Eulamprotes nigromaculella

Scientific classification
- Domain: Eukaryota
- Kingdom: Animalia
- Phylum: Arthropoda
- Class: Insecta
- Order: Lepidoptera
- Family: Gelechiidae
- Genus: Eulamprotes
- Species: E. nigromaculella
- Binomial name: Eulamprotes nigromaculella (Millière, 1872)
- Synonyms: Gelechia nigromaculella Millière, 1872; Monochroa nigromaculella; Bryotropha angustipennis Rebel, 1931; Eulamprotes donskoffi Nel & Luquet, 1997; Doryphora punctatella Staudinger, 1879; Aristotelia morphochrona Walsingham, 1900; Aristotelia jactatrix Meyrick, 1926; Aristotelia craterotypa Meyrick, 1938;

= Eulamprotes nigromaculella =

- Authority: (Millière, 1872)
- Synonyms: Gelechia nigromaculella Millière, 1872, Monochroa nigromaculella, Bryotropha angustipennis Rebel, 1931, Eulamprotes donskoffi Nel & Luquet, 1997, Doryphora punctatella Staudinger, 1879, Aristotelia morphochrona Walsingham, 1900, Aristotelia jactatrix Meyrick, 1926, Aristotelia craterotypa Meyrick, 1938

Species of moth

Eulamprotes nigromaculella is a moth of the family Gelechiidae. It is found in Spain, France, Italy, Greece, Corsica, Sardinia, Sicily, Crete, Cyprus and Ukraine.
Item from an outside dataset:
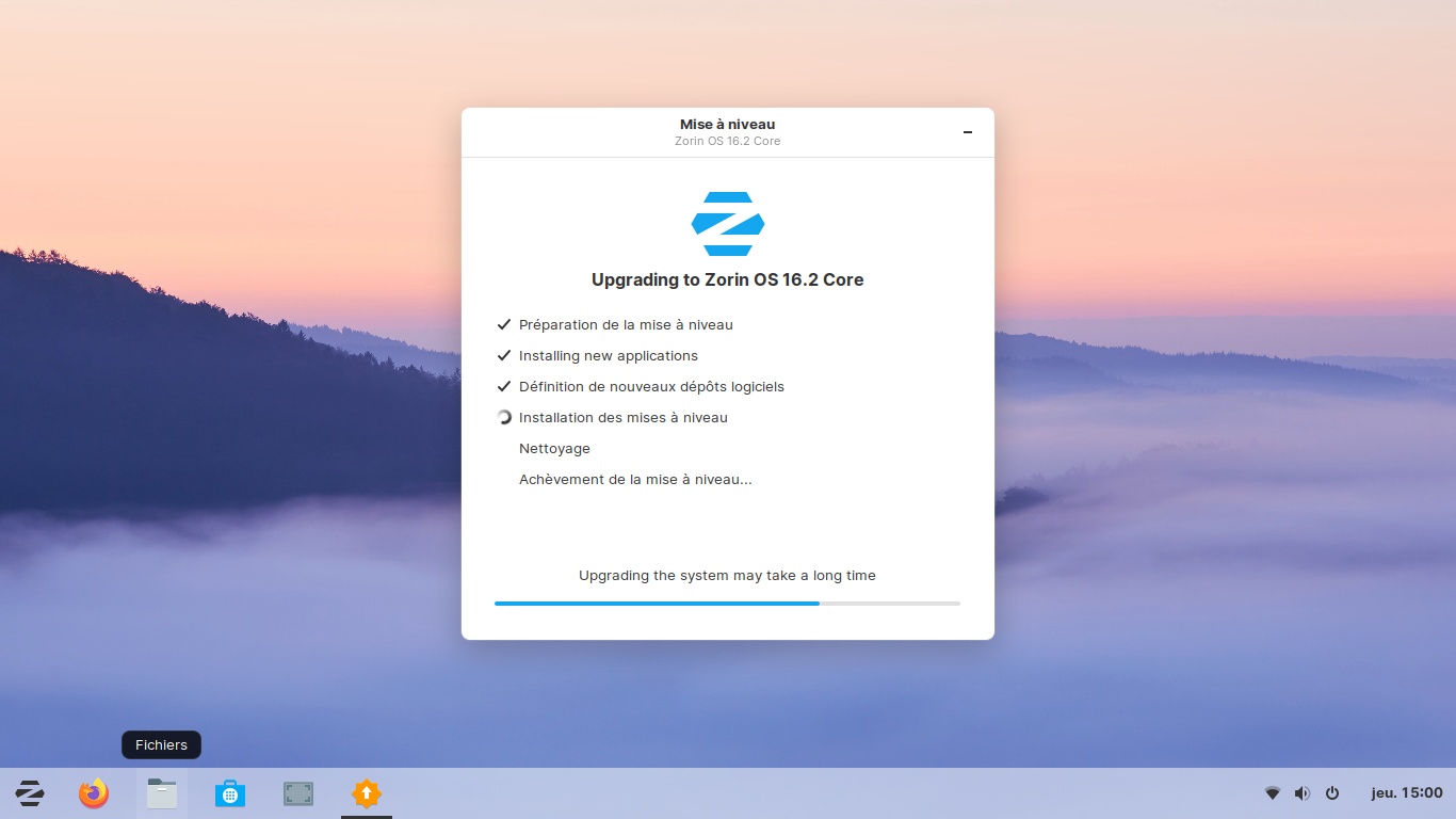 Il semblerait toutefois que les Zorin brothers aient pris la question au sérieux puisqu'une application dédiée, Upgrade Zorin OS, est désormais disponible dans les dépôts (à partir de Zorin 15).

The wingspan is about 12 mm. The forewings are whitish irrorated (speckled) dark grey with a small blackish spot on the costa near the base, one at one-fifth, one on the fold slightly beyond this, and one beneath the costa at one-third. The stigmata form oval black spots, the plical very obliquely before the first discal. There is a dark grey spot on the costa at two-thirds and four small cloudy whitish spots on the costa beyond this. The hindwings are light bluish-grey.